┌─ Exercise inputs

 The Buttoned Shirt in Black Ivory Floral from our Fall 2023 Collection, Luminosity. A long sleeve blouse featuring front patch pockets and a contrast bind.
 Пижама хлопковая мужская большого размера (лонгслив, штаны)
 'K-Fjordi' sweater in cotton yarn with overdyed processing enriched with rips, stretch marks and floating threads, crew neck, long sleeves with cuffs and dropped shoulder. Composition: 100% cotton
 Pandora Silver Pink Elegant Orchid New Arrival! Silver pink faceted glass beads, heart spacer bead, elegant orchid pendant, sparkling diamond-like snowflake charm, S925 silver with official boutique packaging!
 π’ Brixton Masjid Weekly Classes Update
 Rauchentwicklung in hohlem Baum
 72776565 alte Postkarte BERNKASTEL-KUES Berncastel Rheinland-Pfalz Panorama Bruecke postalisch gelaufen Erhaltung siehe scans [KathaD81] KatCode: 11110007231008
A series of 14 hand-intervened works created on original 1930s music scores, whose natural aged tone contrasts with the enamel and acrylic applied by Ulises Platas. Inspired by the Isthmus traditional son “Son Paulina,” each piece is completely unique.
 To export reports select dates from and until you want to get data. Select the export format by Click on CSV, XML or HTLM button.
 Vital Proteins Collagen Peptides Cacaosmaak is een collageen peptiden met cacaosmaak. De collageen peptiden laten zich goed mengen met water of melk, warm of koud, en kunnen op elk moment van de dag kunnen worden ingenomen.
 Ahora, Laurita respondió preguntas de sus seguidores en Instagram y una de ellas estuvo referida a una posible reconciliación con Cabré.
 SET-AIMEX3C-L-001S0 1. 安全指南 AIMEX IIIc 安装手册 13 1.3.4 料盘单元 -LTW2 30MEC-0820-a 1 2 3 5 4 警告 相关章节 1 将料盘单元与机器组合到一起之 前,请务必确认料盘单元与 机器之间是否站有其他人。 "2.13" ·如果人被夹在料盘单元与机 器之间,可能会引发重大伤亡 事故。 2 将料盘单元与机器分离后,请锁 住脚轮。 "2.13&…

└─

> Task requirements
Copy out the data exactly, keeping each line whole.

> Answer to the problem
 The Buttoned Shirt in Black Ivory Floral from our Fall 2023 Collection, Luminosity. A long sleeve blouse featuring front patch pockets and a contrast bind.
 Пижама хлопковая мужская большого размера (лонгслив, штаны)
 'K-Fjordi' sweater in cotton yarn with overdyed processing enriched with rips, stretch marks and floating threads, crew neck, long sleeves with cuffs and dropped shoulder. Composition: 100% cotton
 Pandora Silver Pink Elegant Orchid New Arrival! Silver pink faceted glass beads, heart spacer bead, elegant orchid pendant, sparkling diamond-like snowflake charm, S925 silver with official boutique packaging!
 π’ Brixton Masjid Weekly Classes Update
 Rauchentwicklung in hohlem Baum
 72776565 alte Postkarte BERNKASTEL-KUES Berncastel Rheinland-Pfalz Panorama Bruecke postalisch gelaufen Erhaltung siehe scans [KathaD81] KatCode: 11110007231008
A series of 14 hand-intervened works created on original 1930s music scores, whose natural aged tone contrasts with the enamel and acrylic applied by Ulises Platas. Inspired by the Isthmus traditional son “Son Paulina,” each piece is completely unique.
 To export reports select dates from and until you want to get data. Select the export format by Click on CSV, XML or HTLM button.
 Vital Proteins Collagen Peptides Cacaosmaak is een collageen peptiden met cacaosmaak. De collageen peptiden laten zich goed mengen met water of melk, warm of koud, en kunnen op elk moment van de dag kunnen worden ingenomen.
 Ahora, Laurita respondió preguntas de sus seguidores en Instagram y una de ellas estuvo referida a una posible reconciliación con Cabré.
 SET-AIMEX3C-L-001S0 1. 安全指南 AIMEX IIIc 安装手册 13 1.3.4 料盘单元 -LTW2 30MEC-0820-a 1 2 3 5 4 警告 相关章节 1 将料盘单元与机器组合到一起之 前,请务必确认料盘单元与 机器之间是否站有其他人。 "2.13" ·如果人被夹在料盘单元与机 器之间,可能会引发重大伤亡 事故。 2 将料盘单元与机器分离后,请锁 住脚轮。 "2.13&…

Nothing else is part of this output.